Ich habe folgendes Problemchen: der Generator ist von Balcar und die zwei Blitzköpfe anscheinend von Bowens. Allerdings gibt es an den Teilen kein Typen/Herstellerschild.

Bei einer ist der Blitztubus defekt - also habe ich von Balcar einen neuen bestellt, in der Annahme, det passcht scho....

Die alte Röhre wurde aber über einen Adatper an den Blitzkopf gesteckt, der ist aber fest verlötet. Was also machen? bzw. kann ich einen neuen Blitzkopf kaufen (der leistungsmäßig) an die Anlage passt (1200ws)

Hat jemand von Euch Hinweise im Internet, o.ä.?

fragend und dankend ;-)

ralfoview


----------



## burnobaby (14. Dezember 2005)

Hi
Hab selbst noch nich so viel Ahnung davon, aber ich würd mal bei (@Mod: Sorry, nichts gegen Tutorials.de / Ist das beste Forum wo gibt wenns nicht um Fotografieren geht! Das geht hier ein bischen unter!
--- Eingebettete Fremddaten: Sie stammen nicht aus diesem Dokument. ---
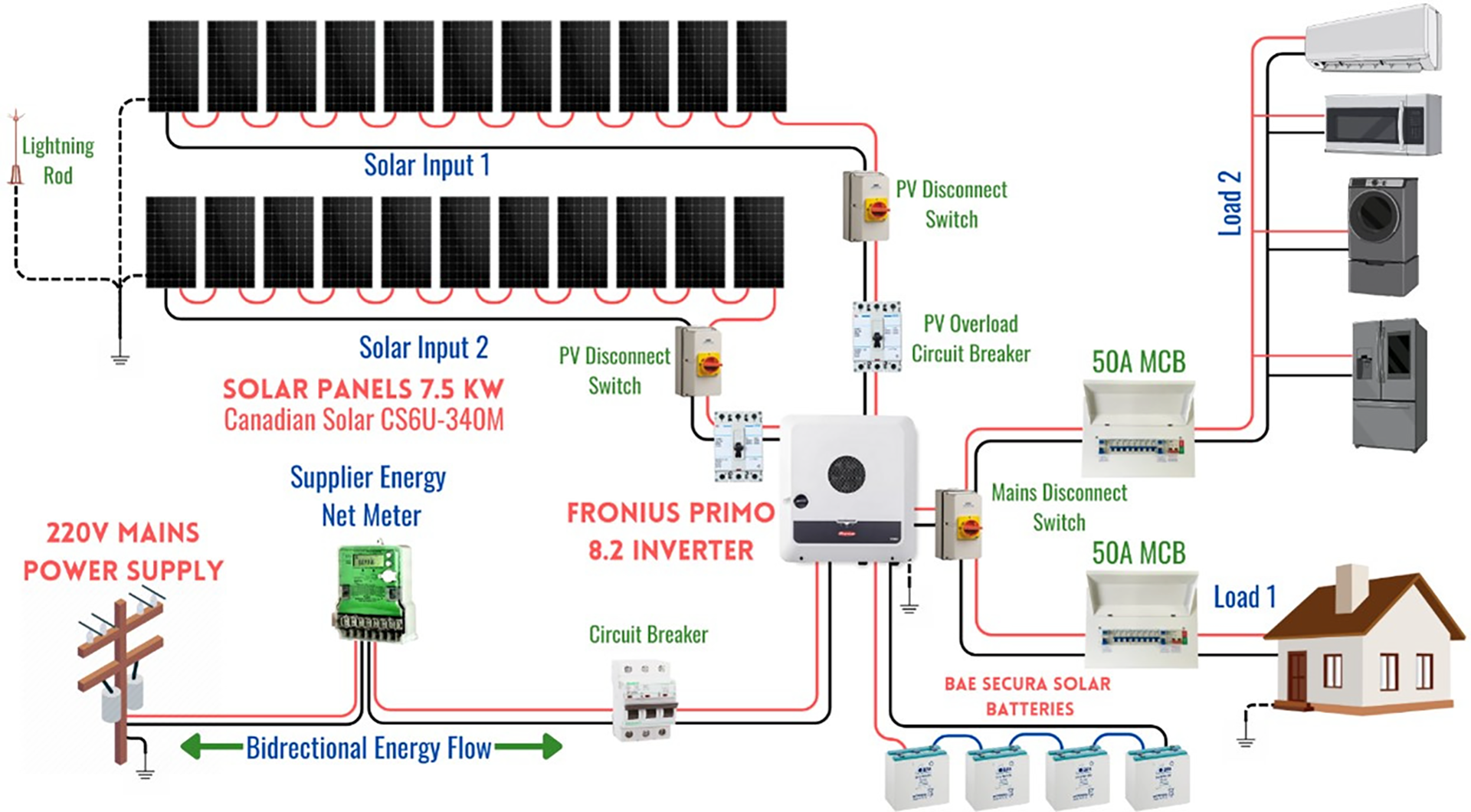 Fig. 2 illustrates the layout of the system, which integrates solar power generation, energy storage, and load management to ensure consistent and reliable energy supply. The system consists of twenty-two Canadian Solar MaxPower CS6U-340M panels arranged in two strings of eleven panels each. Each panel has a rated power output of 340 W, which results in a total solar power capacity of 7480 W, or 7.48 kW. These solar panels are connected to a Fronius Primo 8.2 inverter, which is a single-phase inverter capable of handling up to 8.2 kW of power. The inverter is equipped with two Maximum Power Point Tracking (MPPT) inputs, allowing it to optimize the power output from the panels by adjusting to varying sunlight conditions. To store the generated solar energy, the system includes four BAE Secura PVS 12 V 3 PVS 210 batteries connected in parallel. Each battery has a capacity of 211 Ah, providing a total storage capacity of 10.13 kWh. The battery bank operates at a voltage of 48 V and ensures that the system has backup power during periods of low sunlight or power outages. This setup guarantees that essential loads remain powered even when solar energy is not available.

Naja abwarten und nichts für ungut!   ) http://www.dslr-forum.de nachschauen, da kann man dir auf jeden Fall helfen! 

So ich verabschiede mich erstmal und hoffe das es mir keiner Böse nimmt,das ich ein anderes Forum verlinke! 

MfG Burno


----------



## ralfoview (16. Dezember 2005)

Ich werd's mal da probieren, merci ;-)


ralfoview


----------